Bruno evidencia o seu profundo sentido de Igreja, ele que foi capaz de esquecer o "seu" projecto para responder aos apelos do Papa. Consciente de que a caminhada pelas longas estradas da santidade não se concebe sem a obediência à Igreja, ele mostra-nos também que o verdadeiro caminho no seguimento de Cristo exige o entregar-se nas suas mãos, manifestando no abandono de si um acréscimo de amor. Esta atitude mantinha-o sempre na alegria e no louvor constantes. Os seus irmãos observaram que "tinha sempre o rosto repleto de alegria e a palavra modesta" (Introdução ao Pergaminho fúnebre dedicada a São Bruno). Estas palavras delicadas do Pergaminho fúnebre exprimem a fecundidade de uma vida dedicada à contemplação do rosto de Cristo, fonte de eficácia apostólica e força de caridade fraterna. Possam os filhos e as filhas de São Bruno, seguindo o exemplo do seu pai, continuar incansavelmente a contemplar Cristo, montando desta forma "uma guarda santa e perseverante, na expectativa da vinda do seu Mestre para lhes abrir logo que ele bater à porta" (Carta a Raul, n. 4); isto constitui um apelo encorajador a que todos os cristãos permaneçam vigilantes na oração a fim de acolher o seu Senhor!
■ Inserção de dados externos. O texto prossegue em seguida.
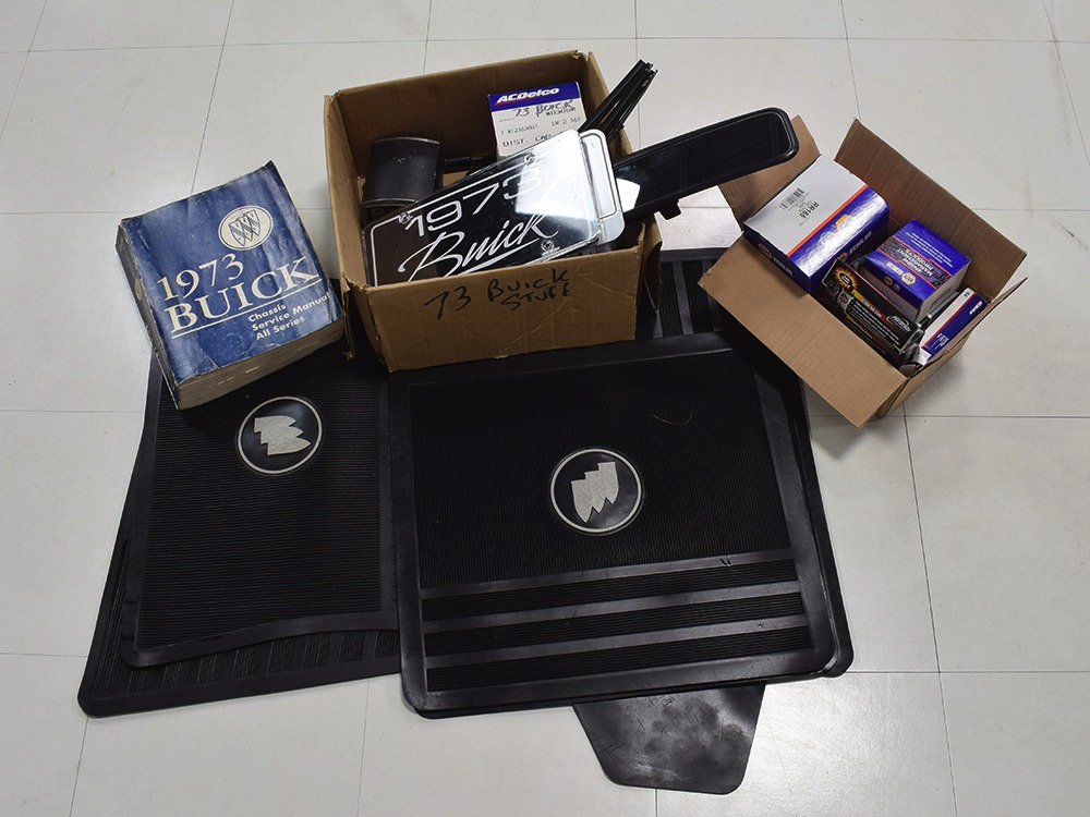 This car includes all the original owner paperwork, including manuals, service booklet, warranty book with the original owner and dealer’s names, and even a pair of Fisher Body line cards, which are similar to a build sheet. In addition, there are a lot of spare parts, including the original windshield wiper blades, mats, and a few other bits like filters and spark plugs. It also includes an original factory service manual.
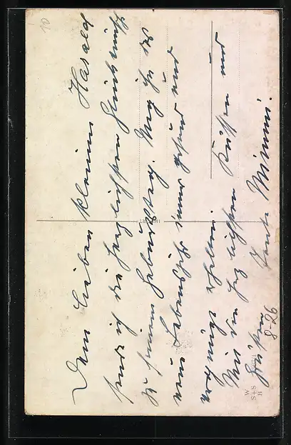 Personenbezogene Daten auf der Rückseite der Karte wurden durch blauen Textmarker unkenntlich gemacht. Die blauen Stellen sind auf die Vorderseite durchgeweicht und wirken sich negativ auf das Postkartenfoto aus
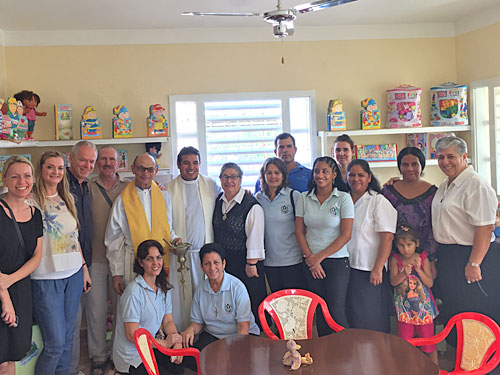 Alle Kinder mit ihren Eltern, alle Mitarbeiter und auch Pate Christoph Katschner aus Österreich, der durch eine großzügige Spende die Bereitstellung der neuen Räume ermöglichte, sowie Nicole Engesser von avenTOURa waren zu Gast, als Pater Felix und Pater Ariel die neue Kita einweihten. Der auf Kuba spezialisierte Reiseveranstalter avenTOURa steht bereits seit den Anfängen mit der Bernhard Adolph-Stiftung und ihren Verantwortlichen in vertrauensvoller und freundschaftlicher Verbindung und hat bedeutend zur Finanzierung des Umbaus und der Einrichtung der neuen Räume beigetragen.
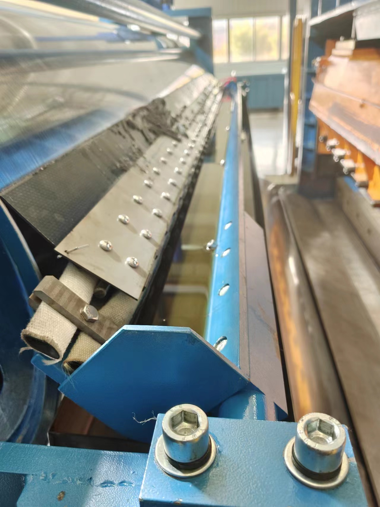 刀片因经常与高速旋转的辊面接触,磨损是必然的,因此,要定期更换刀片,确保刮刀装置能可靠、有效地为生产服务。
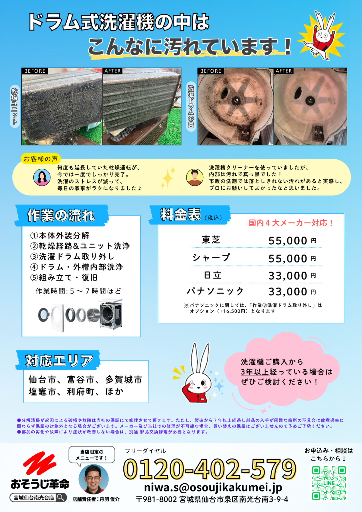 おそうじ革命 宮城仙台南光台店の丹羽です!
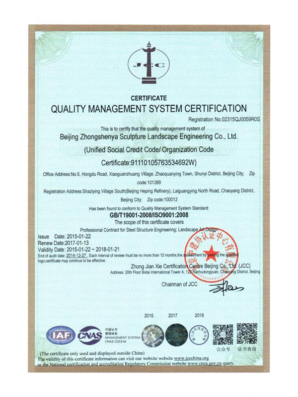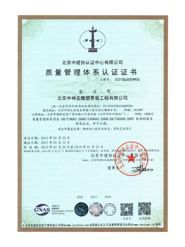 質量管理體系認證證書
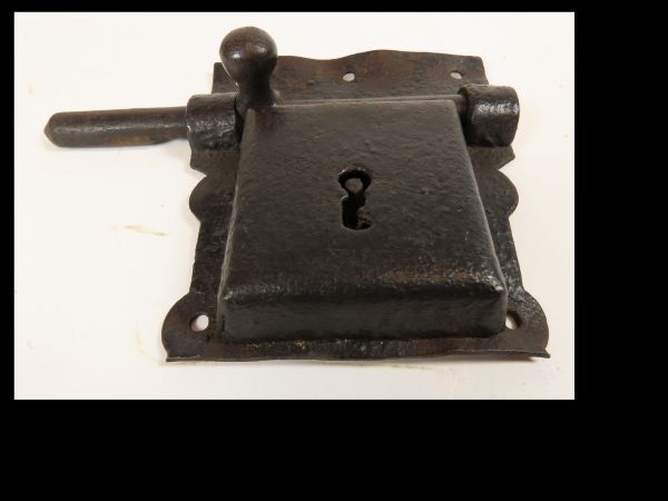 Metalen slot met schuif en sleutelgat. Geen sleutel aanwezig.
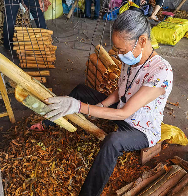 村民在肉桂加工作坊刨桂皮。唐善林攝
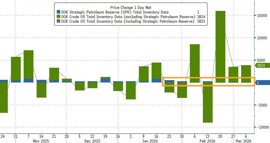 For the third week in a row, the Strategic Petroleum Reserve (which is now once again making headlines) saw no change…
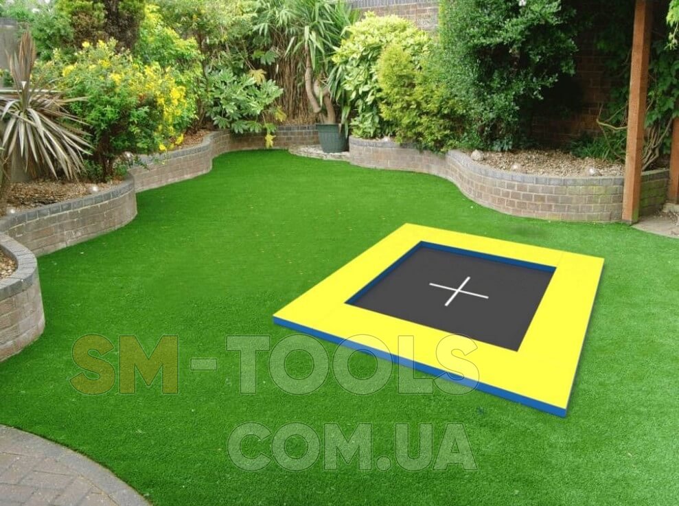 У батутів немає зовнішньої сітки, конструкція стійка і все, що вам потрібно зробити, це розмістити батут у викопаній в ґрунті ямі і вирівняти його.
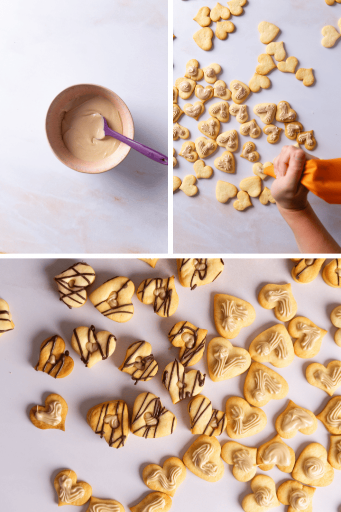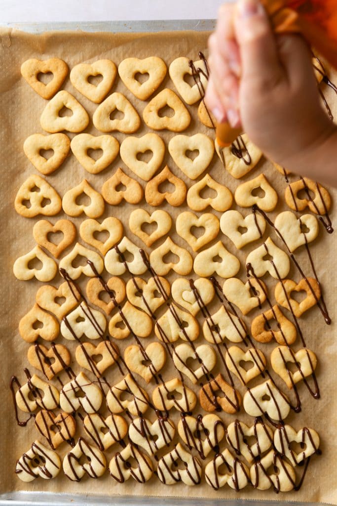 Lege die Oberteile (mit Loch) der Nougatherzen auf ein Backblech. Schmilz die Schokolade auf dem Wasserbad oder in der Mikrowelle und gib sie in Schlieren über die Plätzchen-Oberteile. Lass sie trocknen, bevor du weitermachst.
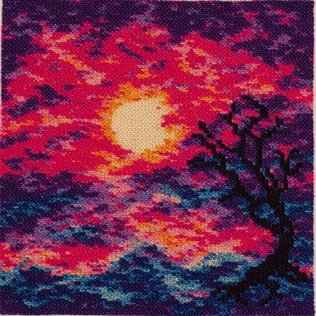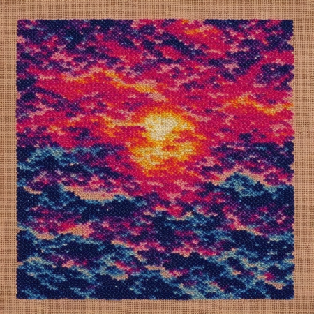 Идея была в том, чтобы заставить нейросеть «понять», что такое «вышивать крестиком». Не просто пикселизировать картинку, а именно научить её имитировать текстуру: отдельные «X"-образные стежки и даже «дырочки» канвы под ними.
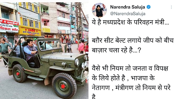 मप्र कांग्रेस में मीडिया कोऑर्डिटेनर नरेंद्र सलूजा ने देर रात एक ट्वीट कर मंत्री राजपूत का भरे बाजार जीप चलाते हुए वीडियो डालकर लिखा, ये हैं मप्र के परिवहन मंत्री...बगैर सीट बेल्ट लगाए जीप को बीच बाजार चल रहे हैं...? वैसे भी नियम तो जनता व विपक्ष के लिए होते हैं, भाजपा के नेतागण, मंत्रीगण तो नियम से परे हैं..!
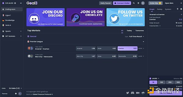 Goal3 是首个基于 zkSync 链(zkSync Era Goerli)构建的去中心化体育菠菜协议,通过区块链技术的安全性和透明度提供无缝的菠菜体验。它补全了 Web 2 菠菜的不透明和可访问限制,旨在创建一本自主、透明、任何人都可以访问的体育菠菜协议。
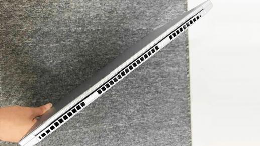 翻转到机器的d面,同样是机械革命传统的家族式设计。这个设计将底部外壳分成三个区域和元素点,一是处在机器转轴处的散热孔,在一块矩形区域里开了大量密集圆孔,看着很有金属美感;其次是位于机器外壳上下边缘处的橡胶条,分成两根,作为底座支点,防滑效果明显,但很容易沾染污渍,且无法清除。最后是机器的扬声器,也是在面板左右边缘开了孔位,面积很小,功率和效果不错,影音娱乐时感受明显,至于设计师和程序员,实际使用频率有限。
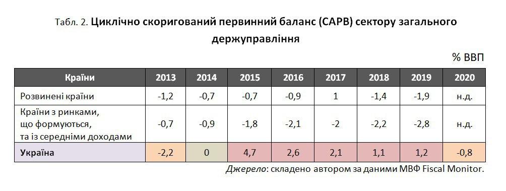 У таблиці 2 наведено дані щодо динаміки CAPB з 2013-го по 2020 рік в Україні та різних групах країн, які підводять до таких висновків:
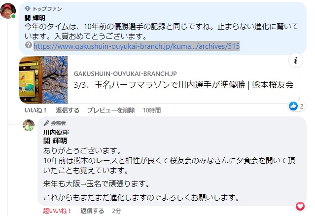 3月5日は、学習院大学OBのランナー・川内優輝選手の36歳の誕生日にあたり、当日は玉名市の第74回金栗杯玉名ハーフマラソンに出場したことを、昨日(3月6日)本人のfacebookで報告投稿していました。それで、驚くのは10年前の自身の記録から11秒切る5位入賞を果たしたとのことです。さらに投稿を読むと、川内選手の玉名ハーフに対する評価がかなり高いことも分かります。
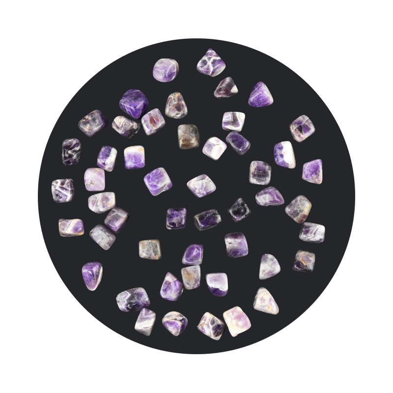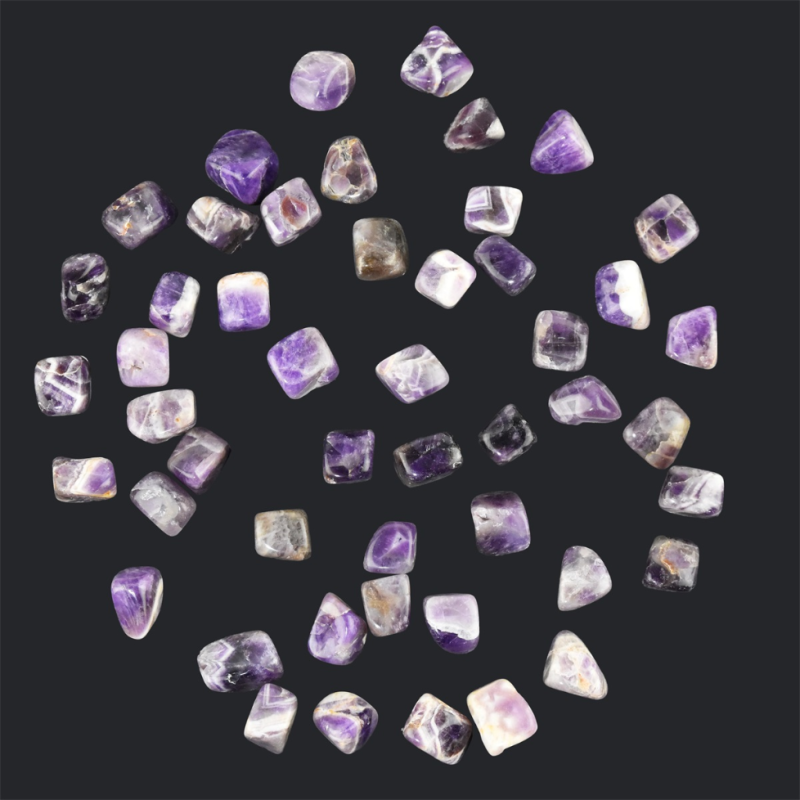 Bånd ametyst lommesten med en størrelse på 2-3 cm. Bånd ametyst siges at være en spirituel sten der skaber kontakt med den åndelige verden. Stenen har en beroligende og blid energi, og besidder de samme egenskaber som den mere almindelige ametyst. Brug bånd ametysten til healing, meditation eller som lommesten - der siges at virke godt som aflastning mod stress ved tæt kontakt med kroppen.
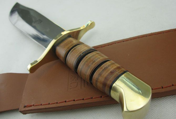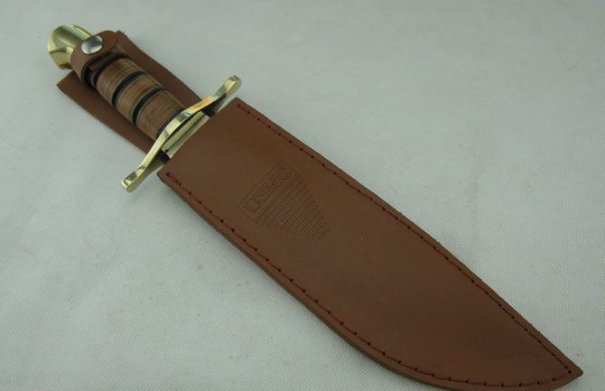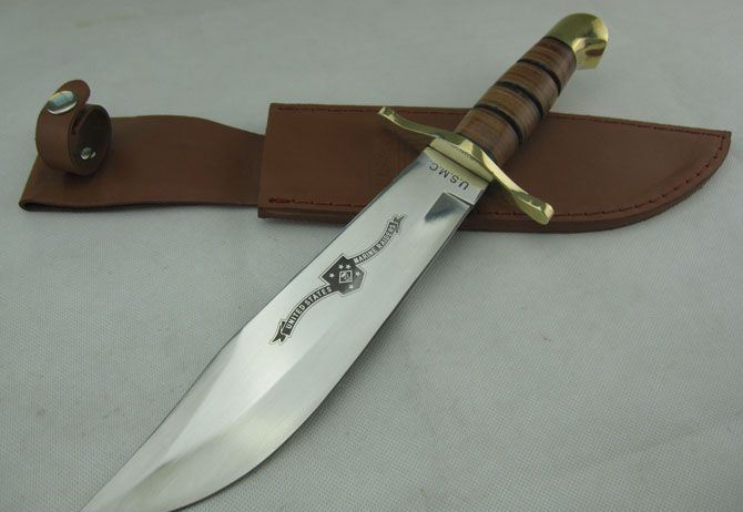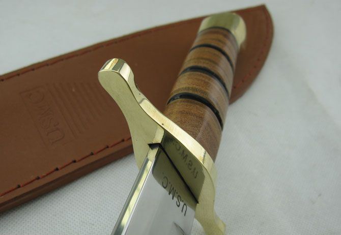 勃朗宁U.S.M.C.海军突击者直刀 全 长:36.0cm 刃 长:22.0cm 柄 长: 12.5cm 刃 宽:5.0cm(最宽处) 刃 厚:4.8mm 刃 材:440不锈钢 硬 度:58HRC 刀 柄:皮柄+铜刀挡 表 面:镜光 重 量: 660.0克 备 注: 带真皮套

2. Depois do Grande Jubileu da Encarnação, a celebração do nono centenário da morte de São Bruno adquire hoje um ulterior relevo. Na Carta Apostólica Novo millennio ineunte convido todo o povo de Deus a partir de Cristo, a fim de permitir que todos os que têm sede de sentido e de verdade ouçam bater o coração de Deus e o coração da Igreja. A Palavra de Cristo, "estarei sempre convosco, até ao fim do mundo" (Mt 28,20), convida todos os que têm o nome de discípulos a tirarem desta certeza um renovado impulso na sua vida cristã, força inspiradora do seu caminho (cf. Novo millennio ineunte, 29). A vocação para a oração e para a contemplação, que caracteriza a vida da Cartuxa, demonstra de modo particular que só Cristo pode dar à esperança humana uma plenitude de significado e de alegria.

Então, como duvidar um só instante que uma semelhante expressão do puro amor dê à vida da Cartuxa uma extraordinária fecundidade missionária? No retiro dos mosteiros e na solidão das celas, paciente e silenciosamente, os Cartuxos tecem as vestes nupciais da Igreja, "bela como uma esposa que se ataviou para o seu esposo" (Ap 21,2); eles apresentam quotidianamente o mundo a Deus e convidam toda a humanidade para a festa nupcial do Anjo. A celebração do sacrifício eucarístico constitui a fonte e o auge de toda a vida no deserto, conformando com o próprio ser de Cristo todos os que se abandonam ao amor, a fim de tornar visíveis a presença e a acção do Salvador no mundo, para a salvação de todos os homens e para a alegria da Igreja.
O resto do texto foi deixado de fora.